HMRC Warning: Hybrid Partnership Tax Scheme Flawed
HMRC is warning private landlords forming hybrid partnerships to avoid tax could face more enormous tax bills because the scheme is flawed.
The tax authority says the hybrid partnership scheme restructures a property business so lands can ignore mortgage interest relief restrictions, reduce tax on rental profits and cancel some capital gains tax (CGT) on selling homes and inheritance tax (IHT) due on the estate on death.
“HMRC’s view is that this scheme does not work. People who use these arrangements may have to pay more than the tax they tried to avoid and pay interest, penalties and high fees for using such schemes,” says the warning.
HMRC did not identify the scheme promoters, but they allegedly include lawyers, accountants and other property-orientated organisations. It's being reported that other landlord associations have suspended dealings with partner tax advisors due to the HMRC guidance.
How a hybrid partnership works
A detailed analysis published by HMRC explains how the scheme works.
- A landlord forms a company and a limited liability partnership (LLP)
- The landlord and company join the LLP as partners
- The landlord transfers their rental portfolio to the LLP
- The landlord claims relief on the LLP’s mortgage interest payments
- The landlord and company allocate the LLP profits to ensure the landlord remains a basic rate taxpayer, with any remaining profits going to the company
Tax advisers promoting the scheme tell landlords structuring their property business like this leads to smaller tax bills because:
- The LLP has minimal set-up costs.
- Transferring properties to the LLP removes any accrued CGT and resets the CGT tax clock to zero. If homes
- The landlord stays a basic rate taxpayer.

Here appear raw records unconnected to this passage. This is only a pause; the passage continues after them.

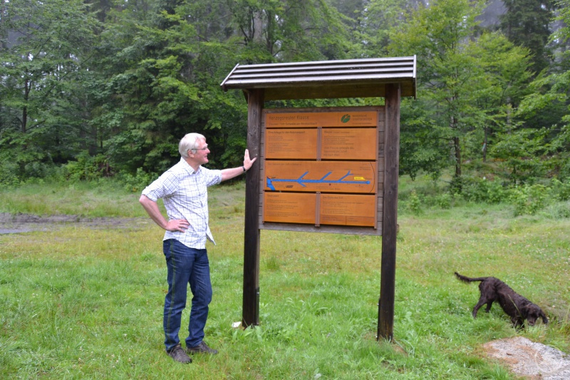 Laut Kalender ist es ein Sommertag. Gefühlt ist es ein Herbsttag. Ein verregneter und nebeliger Tag. Aber eben auch ein Tag, der den Bayerischen Wald in all seinen Facetten widerspiegelt. Ich treffe mich bei einer Außentemperatur von 14 Grad mit Michael Held in Herzogsreut. Der Hund des Försters, ein deutscher Wachtel, fühlt sich sichtlich wohl im Kofferraum des Autos. Ob er noch Lust hat auf einen Außentermin? Bis Ende Juni war Michael Held Leiter des Forstbetriebes Neureichenau der Bayerischen Staatsforsten. Der Forstbetrieb Neureichenau verwaltet eine Fläche Wald von 19.000 Hektar. Im Bayerischen Wald umfasst das Gebiet 11.000 Hektar und reicht von der Grenze zum Nationalpark in Finsterau hinunter nach Süden über den Bergkamm bis ins Dreiländereck, im Norden bis zum Nationalpark Böhmerwald. Der Treffpunkt in Herzogsreut kommt nicht von ungefähr. Denn hier entlang des ehemaligen Handelsweges Goldener Steig lässt sich eindrucksvoll nachvollziehen, wie der Wald die Menschen prägte und umgekehrt. "Der Wald ist ein Spiegel der Geschichte der Menschheit", so der Förster im Ruhestand. Zuerst hat der Mensch dem Wald den Lebensraum abgerungen. Doch das Leben im Wald war hart und karg. Mit Einsetzen des wirtschaftlichen Aufschwunges haben viele den Wald verlassen, sie wollten an steigendem Wohlstand teilhaben und siedelten aus. Dies zeigt sich nicht zuletzt an verlassen Orten wie Schwendreut und Leopoldsreut entlang des Goldenen Steiges. Für den Naturraum Wald ein Glücksfall, denn an vielen Stellen wurde großflächig aufgeforstet.
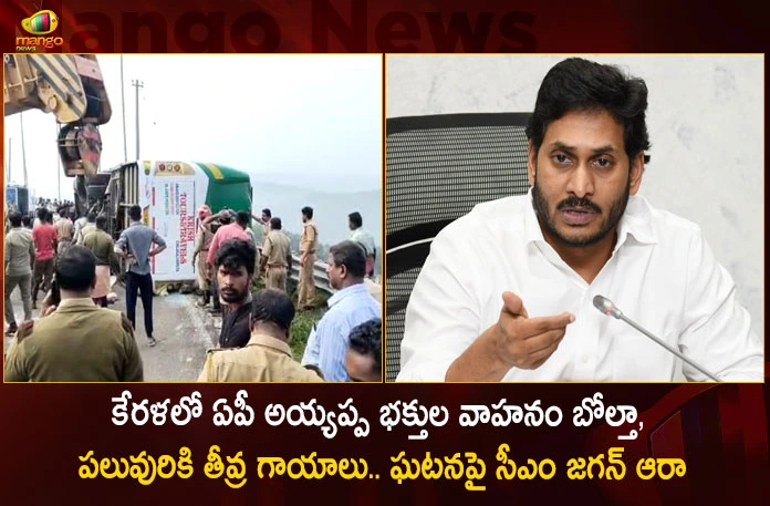 AP Sabarimala Devotees Injured in Bus Overturns Incident in Kerala Today CM Jagan Inquires,AP Sabarimala Devotees,CM Jagan Inquires,Bus Overturns Incident,Mango News,Mango News Telugu, Sabarimala Devotees Injured,Sabarimala Devotees,AP Sabarimala Devotees Injured,Sabarimala Bus Overturns,AP CM YS Jagan Mohan Reddy,YS Jagan News And Live Updates, YSR Congress Party, Andhra Pradesh News And Updates, AP Politics, Janasena Party, TDP Party, YSRCP, Political News And Latest Updates
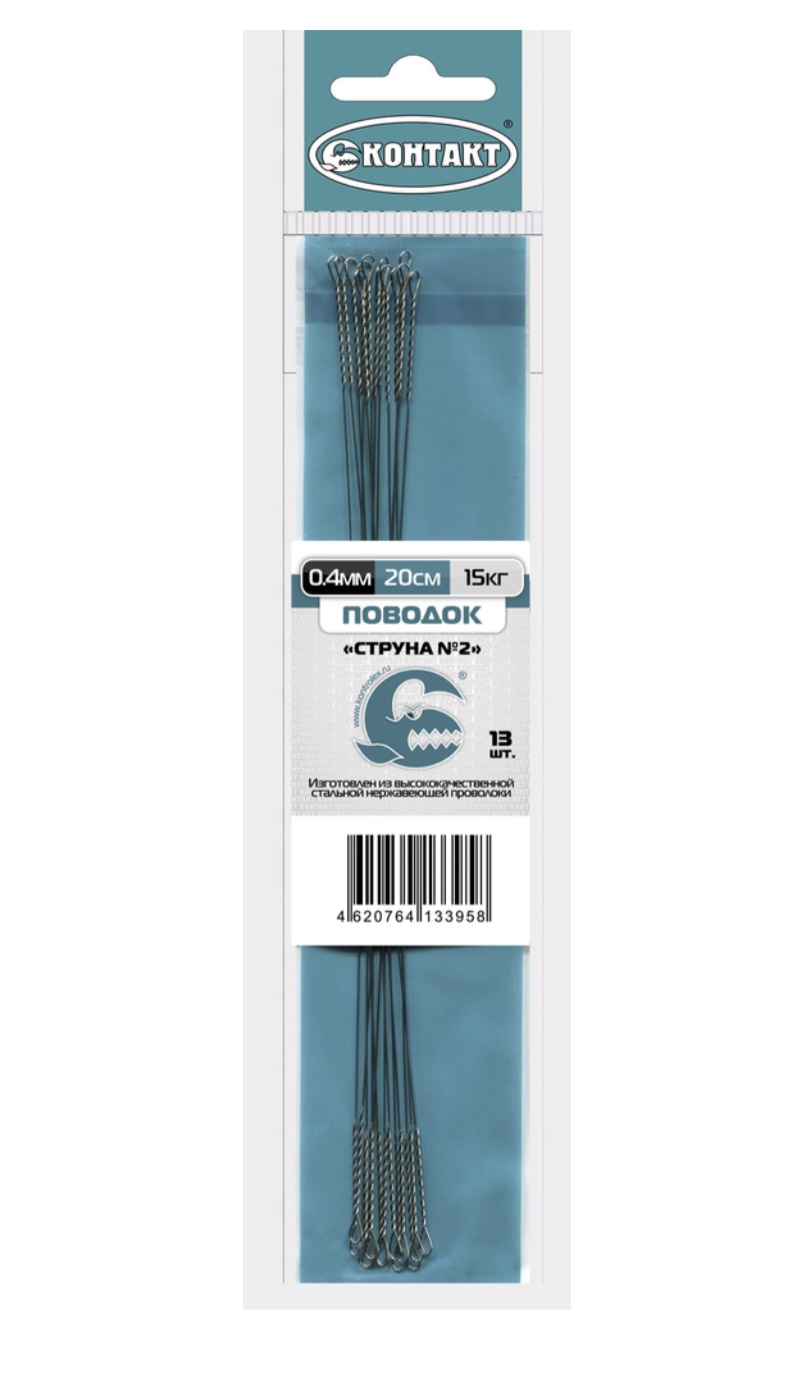 Поводок КОНТАКТ "Струна №2", диаметр 0,4 мм, тест 15 кг, длина 20 см.
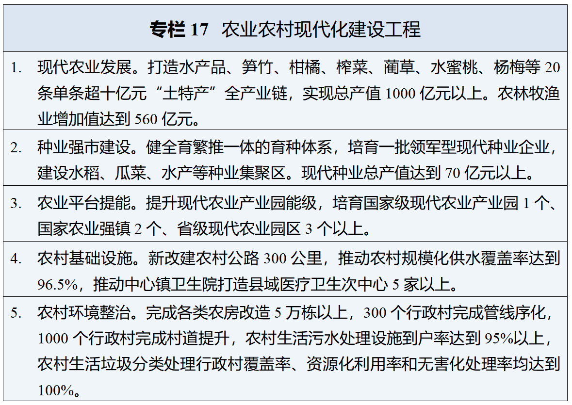 大力发展现代农业。统筹发展科技农业、绿色农业、质量农业、品牌农业,提升农业综合生产能力和质量效益。深入实施“藏粮于地、藏粮于技”战略,强化耕地保护和质量提升,高质量推进高标准农田建设,优化农用地空间布局,健全种粮农民收益保障机制,确保粮食播种面积172万亩以上。推动“土特产富”全链发展,做强农产品加工流通业,引育一批农业链主企业,高标准建设现代农业园区,积极推广特色地理标志品牌农产品,打造一批标志性全产业链。大力发展设施种植、设施畜牧和设施渔业。强化农业科技支撑,加大农业生物技术、农产品安全和智慧农业领域技术攻关。加快推进种业强市建设,加大核心种源保护利用和技术研发力度,打造现代种业品牌矩阵。加快农业领域设施设备更新,优化提升现代农事服务中心功能。
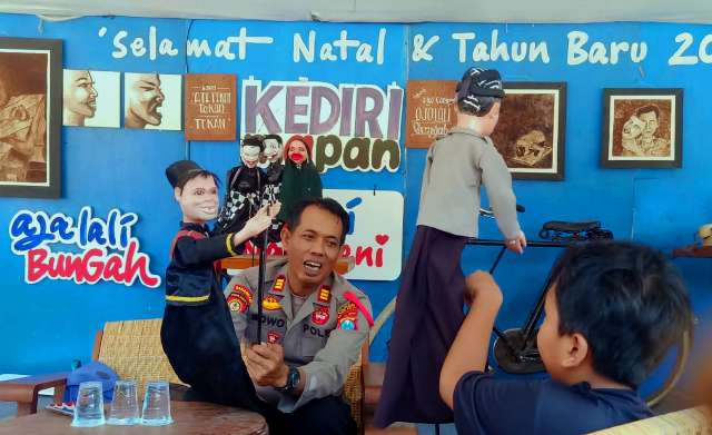 Pemandangan menarik terlihat pada siang hari kemarin. AKP Bowo tampak akrab menghibur seorang anak yang berkunjung ke Posyan Nataru yang berada tepat di depan Alun-Alun Kota Kediri. Dengan memainkan wayang golek, suasana penuh tawa tercipta tanpa sekat antara polisi dan masyarakat.
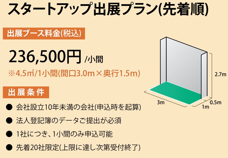 施設園芸・植物工場にかかわる製品・技術・サービスを保有している設立10年未満の会社を対象とし、「スタートアップ出展プラン」をご用意しています。スタートアップ企業・団体の皆さまのご参加をお待ちしております。枠数は残り僅かとなっておりますので、ご検討の場合はお早めに事務局までご連絡ください。
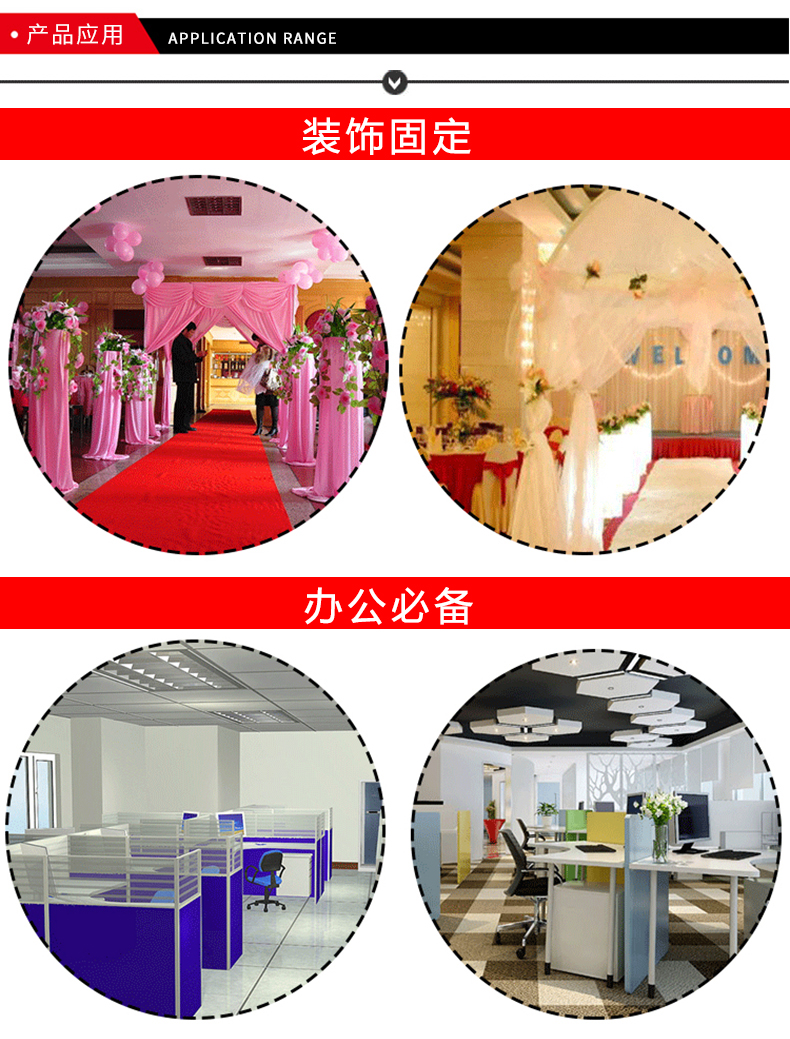其次,我们可以从他们的主要用途方面来了解。布基胶带的主要作用是用在于展会连接地毯方面的作用,以及室外管道,一些包装等方面起这作用。而普通胶带的胶带主要是封箱打包作用的。
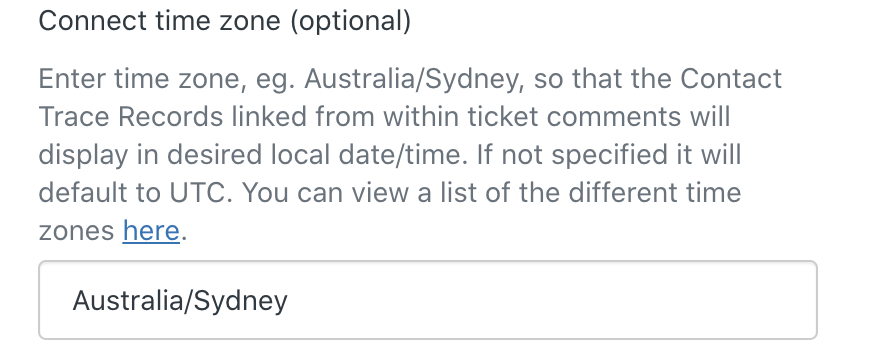 Enter your time zone, eg. Australia/Sydney, so that the Contact Trace Records linked from within ticket comments will be displayed in your local date/time. If this is not specified it will default to UTC. You can view a list of the different time zones here.

- The company can claim mortgage interest relief as rules restricting the claim apply to landlords, not companies.
- The company pays tax on profits at a lower rate than higher (40 per cent) or additional rate (45 per cent) for landlords.
- Business Profit Relief (BPR) applies to an LLP property business, minimising IHT.
HMRC argues the hybrid LLP structure is unlikely to work for four reasons:
- The way profits are reallocated to a corporate LLP partner breaches legislation (Income Tax (Trading and Other Income) Act 2005, Section 850C and 850D)
- How income streams are diverted does not comply with anti-avoidance legislation in the Income Tax Act 2007, Chapter 5AA, Section 809AAZA
- CGT rules do not change the base cost of assets when they are moved to an LLP (Taxation of Chargeable Gains Act 1992 Section 59A)
- A property rental business is likely excluded from BPR as the legislation bars ‘making or holding investments’ (Inheritance Tax Act 1984 Section 105(3))
The HMRC warning comes with an offer of help for landlords worried about their tax status after joining the alleged anti-avoidance scheme.
“If you think you’re already involved in this arrangement and want to get out, HMRC can help. HMRC offers a range of support to get you back on track or avoid being caught out in the first place,” says the online document.
“If you’re using this or similar schemes or arrangements, HMRC strongly advises you to withdraw from it and settle your tax affairs. You can do this by emailing HMRC at email@example.com, and we will tell you what further information we require.”
HMRC also suggests concerned landlords should take independent professional advice.
The tax authority adds that avoidance scheme promoters face penalties for failing to disclose their operation within five days of making the scheme available. Fines start at £600 daily for non-disclosure and can rise to £1 million.
HMRC did not name the promoters of any hybrid LLP schemes.
Hybrid partnership FAQ
What is a landlord hybrid partnership?
A hybrid landlord partnership involves setting up a limited liability partnership between a landlord and a company controlled by the landlord. The aim is to save tax by exploiting different financial rules for each entity.
Does a hybrid partnership save tax for landlords?
HMRC says a hybrid partnership is tax avoidance and does not work. Tax experts and lawyers argue for and against. Until a scheme is tested in the courts, it’s difficult to say who is right.
Why is HMRC acting against hybrid partnerships now?
HMRC has not revealed why a warning was published, but generally, a warning comes before HMRC intends to investigate what is considered widespread tax avoidance.
I’m in a hybrid partnership. What do I do?
If you are a landlord immersed in a hybrid partnership, you should take independent professional advice from a tax expert or lawyer unconnected to the scheme promoters. The promoters will be keen to protect their reputation and financial interests, so they may not be the best source of advice.
My hybrid partnership follows HMRC guidance - am I OK?
HMRC manuals and guidance have no force in law and are published in good faith. The contents have often been challenged in the courts, often resulting in a loss for HMRC. As such, they are HMRC’s interpretation of the law open to court clarification.